[SOURCE DATA Boundary: Start]

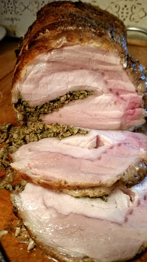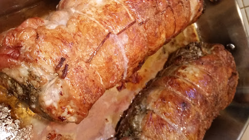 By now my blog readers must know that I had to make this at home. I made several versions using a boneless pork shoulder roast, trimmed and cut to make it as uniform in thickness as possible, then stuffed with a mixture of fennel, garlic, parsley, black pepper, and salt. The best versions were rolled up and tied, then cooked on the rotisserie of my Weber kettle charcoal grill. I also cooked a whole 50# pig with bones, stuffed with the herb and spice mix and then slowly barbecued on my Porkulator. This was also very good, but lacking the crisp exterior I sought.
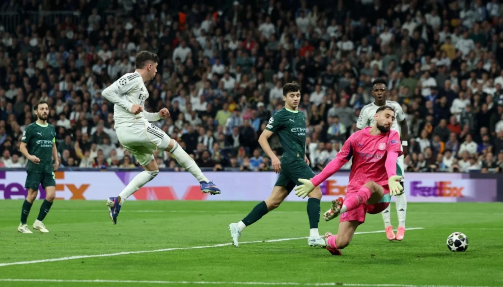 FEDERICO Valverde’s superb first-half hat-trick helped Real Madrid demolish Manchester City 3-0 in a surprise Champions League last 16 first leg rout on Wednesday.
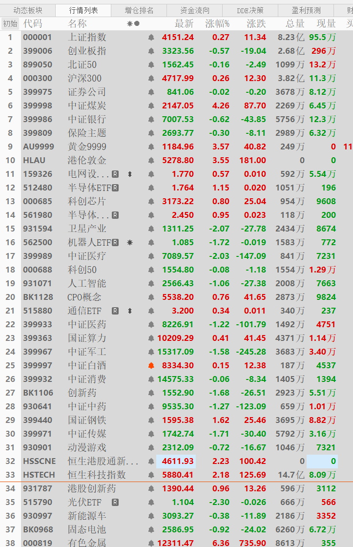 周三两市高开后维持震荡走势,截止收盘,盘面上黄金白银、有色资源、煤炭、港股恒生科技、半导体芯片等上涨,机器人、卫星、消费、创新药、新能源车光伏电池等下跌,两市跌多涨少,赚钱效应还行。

[SOURCE DATA Boundary: End]
[SOURCE DATA Boundary: Start]

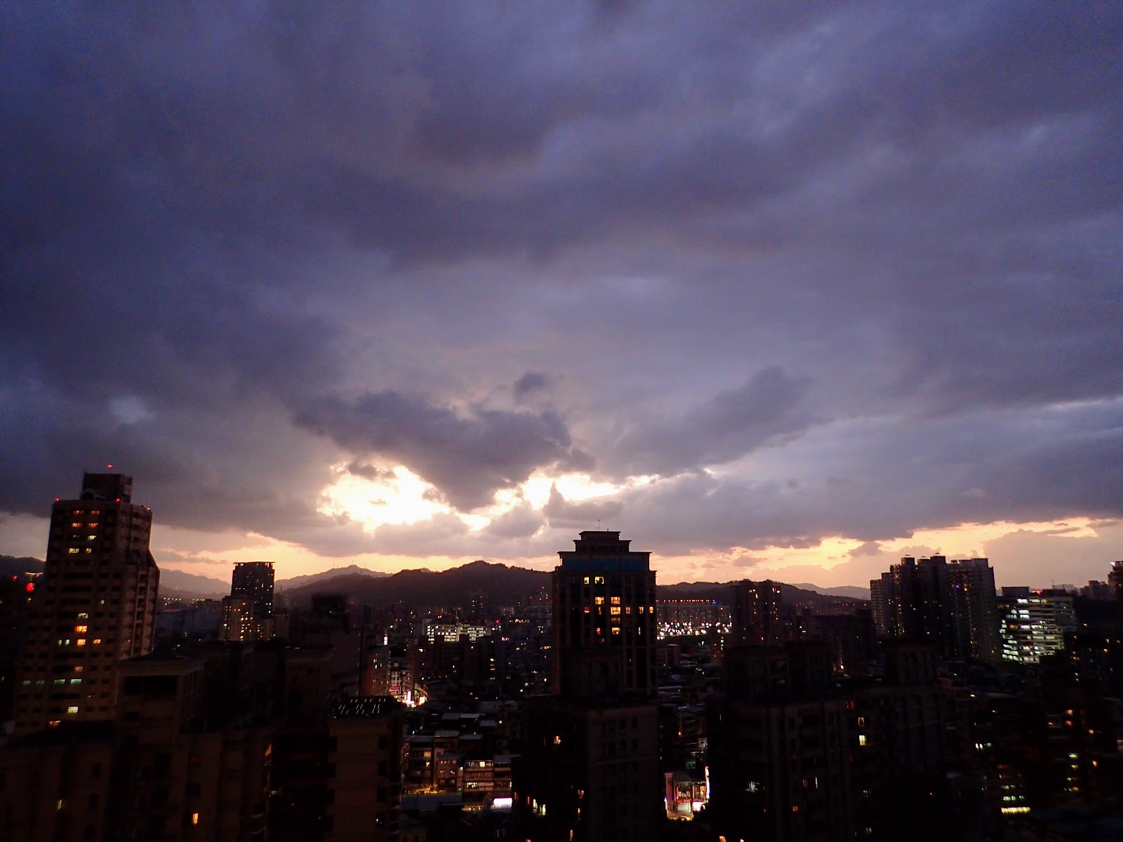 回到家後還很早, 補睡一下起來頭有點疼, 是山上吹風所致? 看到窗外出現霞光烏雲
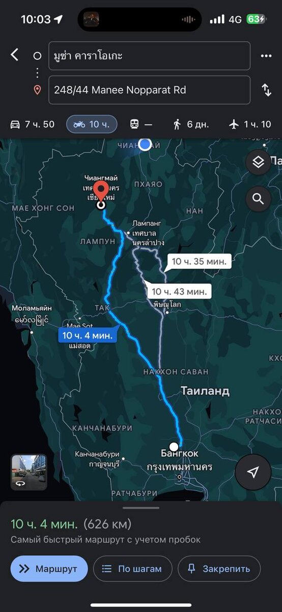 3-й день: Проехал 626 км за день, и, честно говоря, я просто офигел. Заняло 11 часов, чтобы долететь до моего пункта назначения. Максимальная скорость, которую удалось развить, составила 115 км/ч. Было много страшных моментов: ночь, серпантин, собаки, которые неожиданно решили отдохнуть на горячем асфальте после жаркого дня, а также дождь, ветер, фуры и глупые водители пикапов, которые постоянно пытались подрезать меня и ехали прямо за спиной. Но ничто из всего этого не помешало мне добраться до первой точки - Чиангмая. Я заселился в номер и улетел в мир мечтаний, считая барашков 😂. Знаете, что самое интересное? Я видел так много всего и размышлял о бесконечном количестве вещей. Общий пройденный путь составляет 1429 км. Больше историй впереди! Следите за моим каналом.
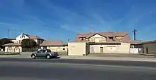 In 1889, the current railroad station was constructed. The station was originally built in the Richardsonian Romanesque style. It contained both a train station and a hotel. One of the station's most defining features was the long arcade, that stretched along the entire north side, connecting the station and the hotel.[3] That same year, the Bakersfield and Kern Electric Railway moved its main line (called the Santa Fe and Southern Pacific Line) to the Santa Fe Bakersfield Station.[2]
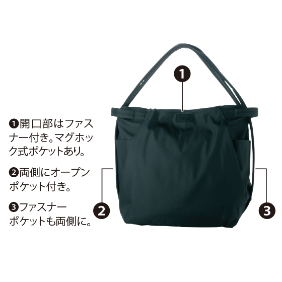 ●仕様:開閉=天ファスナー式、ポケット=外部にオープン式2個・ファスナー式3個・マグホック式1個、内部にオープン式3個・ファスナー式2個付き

[SOURCE DATA Boundary: End]

ABOUT THIS TASK: Excluding any pictures, print exactly the lines of the listing above from the line with "FEDERICO Valverde’s superb" to the line with "周三两市高开后维持震荡走势,截止收盘,盘", both ends included.

RESULT OF THIS EXERCISE:
 FEDERICO Valverde’s superb first-half hat-trick helped Real Madrid demolish Manchester City 3-0 in a surprise Champions League last 16 first leg rout on Wednesday.
 周三两市高开后维持震荡走势,截止收盘,盘面上黄金白银、有色资源、煤炭、港股恒生科技、半导体芯片等上涨,机器人、卫星、消费、创新药、新能源车光伏电池等下跌,两市跌多涨少,赚钱效应还行。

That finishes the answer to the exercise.